### EXCERPTED RECORDS ###

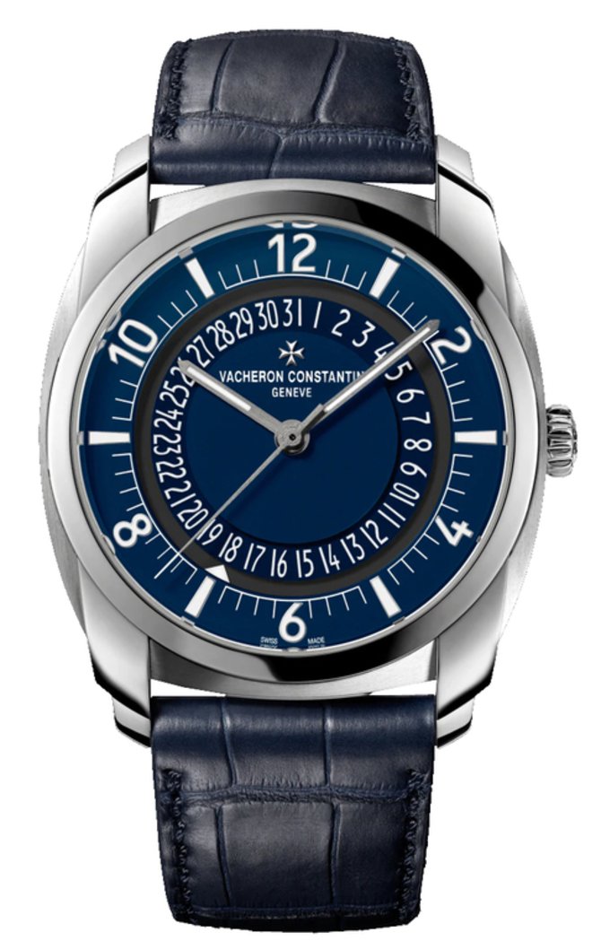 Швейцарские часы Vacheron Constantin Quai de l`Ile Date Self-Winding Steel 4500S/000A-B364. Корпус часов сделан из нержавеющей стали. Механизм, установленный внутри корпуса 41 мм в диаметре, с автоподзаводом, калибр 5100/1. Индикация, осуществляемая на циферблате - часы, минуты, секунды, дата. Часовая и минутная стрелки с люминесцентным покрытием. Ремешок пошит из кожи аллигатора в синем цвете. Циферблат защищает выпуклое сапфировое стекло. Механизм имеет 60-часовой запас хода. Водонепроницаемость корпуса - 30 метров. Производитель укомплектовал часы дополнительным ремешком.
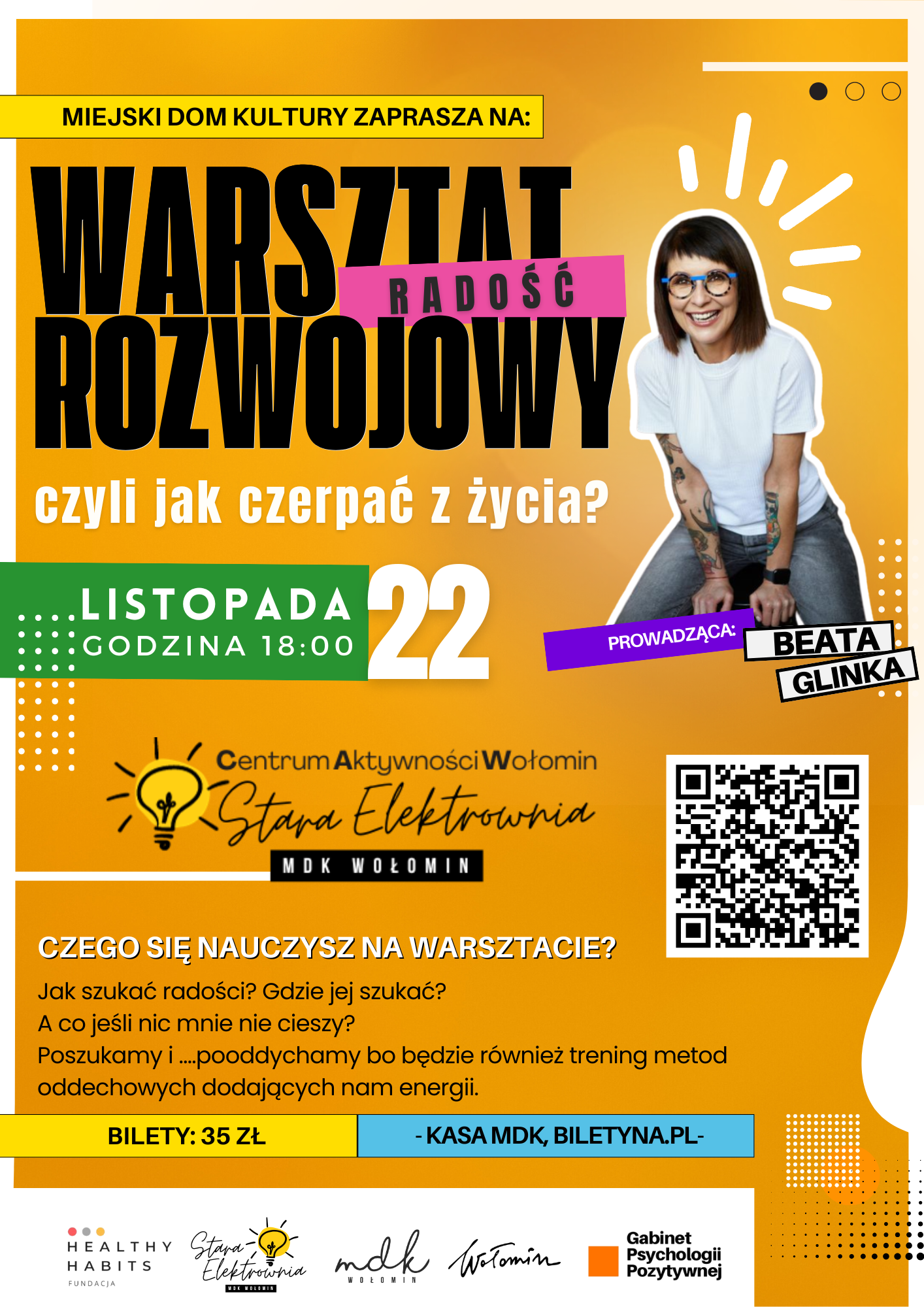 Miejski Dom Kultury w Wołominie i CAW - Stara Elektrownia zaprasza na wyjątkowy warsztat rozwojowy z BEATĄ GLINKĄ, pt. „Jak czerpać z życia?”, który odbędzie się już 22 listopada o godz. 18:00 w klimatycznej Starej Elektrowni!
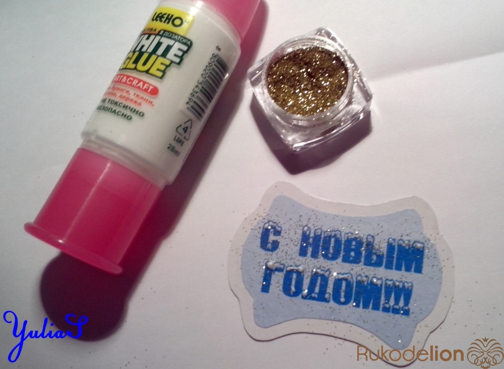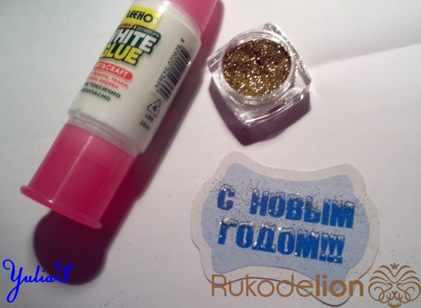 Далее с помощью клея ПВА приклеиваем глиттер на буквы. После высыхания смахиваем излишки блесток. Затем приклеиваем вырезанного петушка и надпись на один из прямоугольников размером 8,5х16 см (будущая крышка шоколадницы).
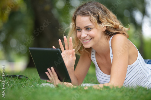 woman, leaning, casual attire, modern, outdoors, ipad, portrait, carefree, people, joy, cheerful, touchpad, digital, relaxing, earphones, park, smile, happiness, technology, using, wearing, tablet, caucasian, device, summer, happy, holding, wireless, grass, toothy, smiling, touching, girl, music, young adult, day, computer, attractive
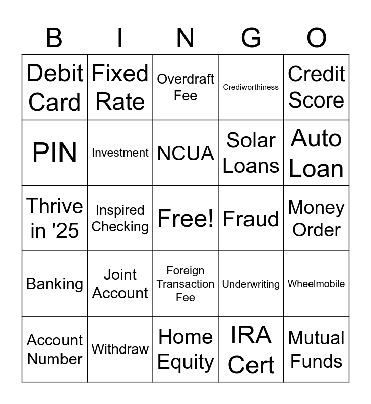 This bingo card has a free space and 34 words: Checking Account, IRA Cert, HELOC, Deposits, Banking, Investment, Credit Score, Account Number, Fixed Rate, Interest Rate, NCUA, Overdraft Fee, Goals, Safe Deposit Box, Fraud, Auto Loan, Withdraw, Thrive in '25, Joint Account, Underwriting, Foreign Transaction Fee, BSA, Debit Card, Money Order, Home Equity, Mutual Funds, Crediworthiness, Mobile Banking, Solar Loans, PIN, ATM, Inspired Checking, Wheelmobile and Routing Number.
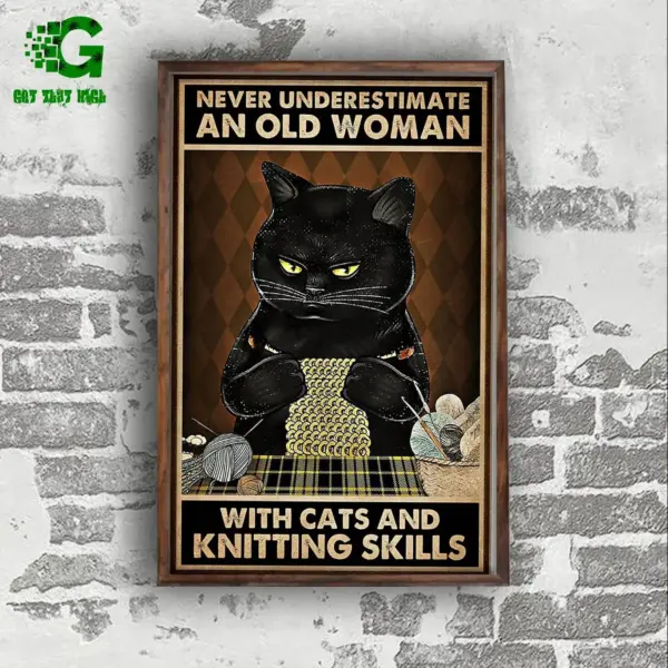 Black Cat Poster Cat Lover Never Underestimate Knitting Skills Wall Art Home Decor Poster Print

###

▶ _WORK INSTRUCTIONS_:
Repeat nothing but the lines from the one containing "This bingo card" through the end of the entries, exactly, and skip the pictures.

▶ _REPLY TO THE EXERCISE_:
 This bingo card has a free space and 34 words: Checking Account, IRA Cert, HELOC, Deposits, Banking, Investment, Credit Score, Account Number, Fixed Rate, Interest Rate, NCUA, Overdraft Fee, Goals, Safe Deposit Box, Fraud, Auto Loan, Withdraw, Thrive in '25, Joint Account, Underwriting, Foreign Transaction Fee, BSA, Debit Card, Money Order, Home Equity, Mutual Funds, Crediworthiness, Mobile Banking, Solar Loans, PIN, ATM, Inspired Checking, Wheelmobile and Routing Number.
 Black Cat Poster Cat Lover Never Underestimate Knitting Skills Wall Art Home Decor Poster Print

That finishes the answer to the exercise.